You must have a logged-in session (Cookie) before scraping.

Note: Scraping immediately with a newly registered account is risky; it is recommended to use the account normally for a while first.

Method 1: Export via Cookie Editor Extension (Recommended)

Use the browser extension Cookie Editor to export your current session cookies as JSON and save them to .x-crawlfox/x_cookies.json.

The .x-crawlfox folder can be located in the current directory or the user home directory. X-CrawlFox will automatically recognize and convert the Cookie Editor format to the required internal format upon loading.

Cookie Editor

Method 2: Command Line Login

x-crawlfox x login

Complete the login in the popup browser window, then return to the terminal and press Enter to save the state. The login state will be automatically saved to .x-crawlfox/x_cookies.json.

If X blocks the login as a "suspicious attempt," please switch to Method 1.
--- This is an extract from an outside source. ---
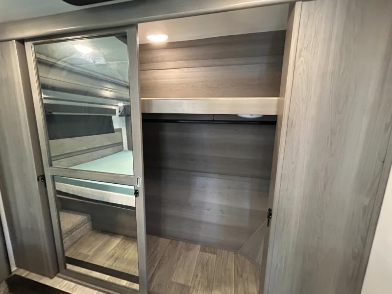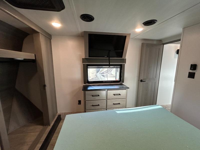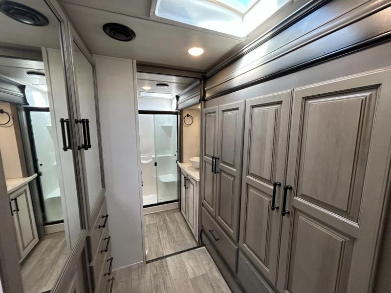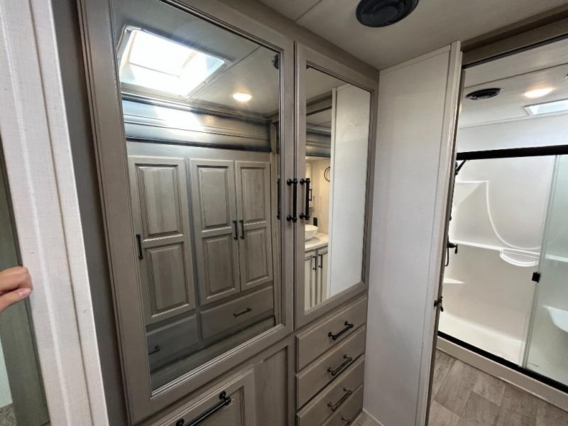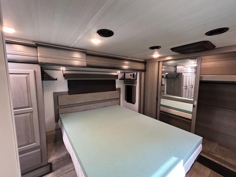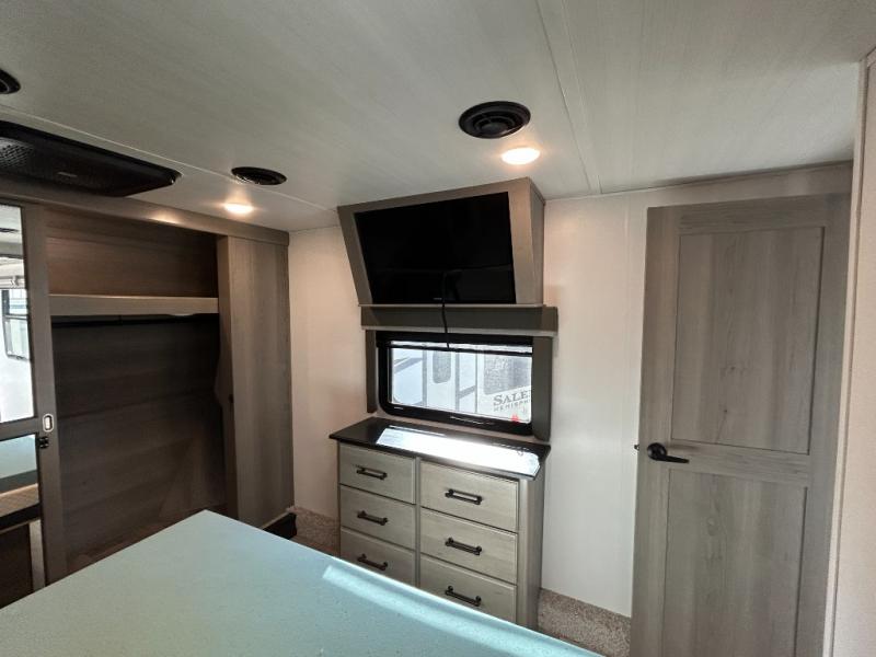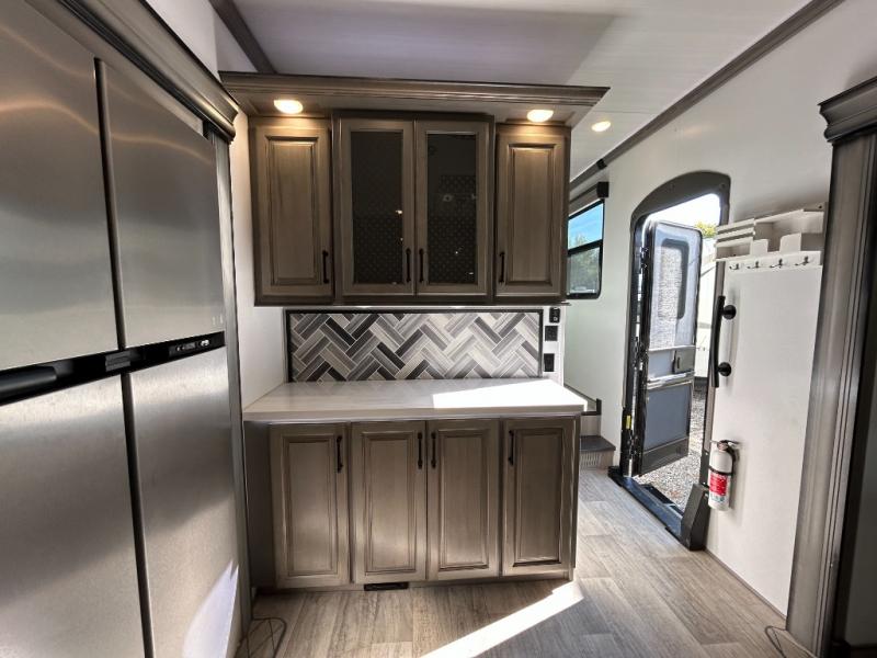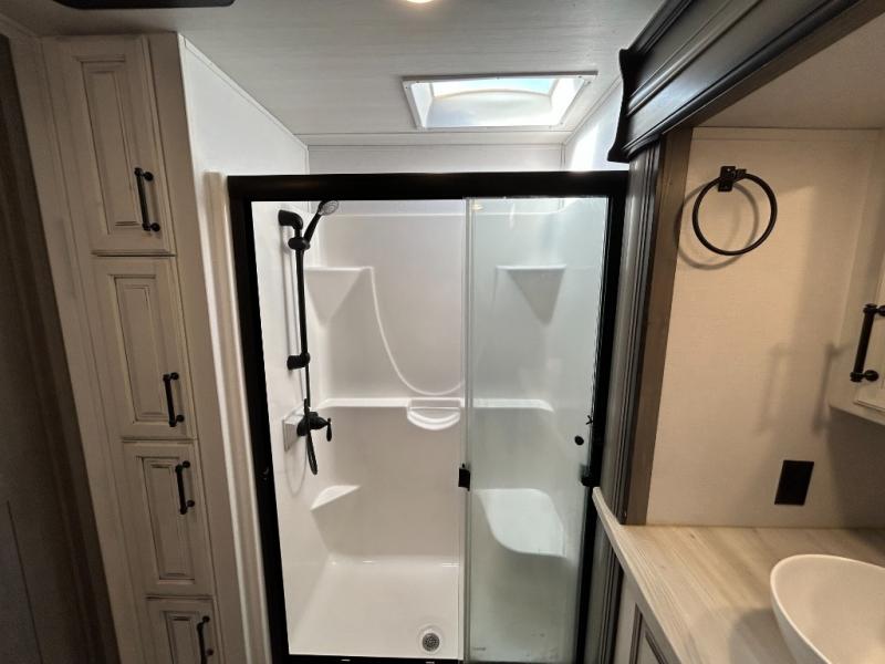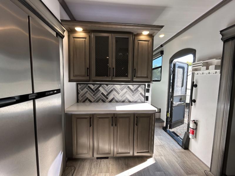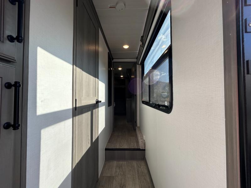 Sleep like royalty in the front master suite of this fifth wheel! It features a king bed slide with storage underneath, a front large closet, an area prepped to add an optional washer and dryer, a walk-in closet with a wardrobe, and an entrance into the dual entry bathroom. The chef can prepare their best meals with the glass top range, the pull-down spice rack, the kitchen island, and the hutch with countertop space below it. Enjoy your meals at the free standing legless dinette and then head to the rear living area for a relaxing evening watching your favorite movie on the 50" LCD HDTV while a fire goes in the 5,000 BTU decorative fireplace heater across from the power Thomas Payne theater seating and rear hide-a-bed sofa which can also transform into an extra sleeping space!

3. Scrape Personal Timeline

# Scrape the first 20 items from the Following feed
# Add --no-headless to visualize the process
x-crawlfox x timeline --type Following --max-items 20

# Scrape the For You feed
x-crawlfox x timeline --type "For you" --max-items 50

4. Scrape Today's News

# Scrape sidebar list only
x-crawlfox x news

# Deep scraping: Enter details to get summaries and related posts
x-crawlfox x news --detail --max-items 3

5. Scrape/Monitor Specific User

# Fetch the latest 20 tweets from a specific user
x-crawlfox x user elonmusk --max-tweets 20

# Incremental fetch: Only get new content since the last run
x-crawlfox x user elonmusk --only-new

Run multi-account monitoring independently (reads x.monitor from crawl_config.json):

x-crawlfox x monitor

You can also specify a custom config file (flat list format):

x-crawlfox x monitor --config my_accounts.json

6. Search Engine Scraping

X-CrawlFox supports scraping search results from 18 search engines (8 CN + 10 Global) via the se subcommand. No login is required.

Single engine search

# Fast mode: navigate directly to the search URL (default)
x-crawlfox se search "LangGraph" --engine google --max-results 10

# Simulate mode: open homepage and type like a human (better anti-detection)
x-crawlfox se search "LangGraph" --engine google --mode simulate

# Time filter: hour | day | week | month | year
x-crawlfox se search "AI news" --engine bing --time-range day

# Domain restriction
x-crawlfox se search "python async" --engine google --site github.com

# File type filter
x-crawlfox se search "machine learning" --engine baidu --filetype pdf

# Exact phrase match
x-crawlfox se search "anything" --engine duckduckgo --exact-phrase "large language model"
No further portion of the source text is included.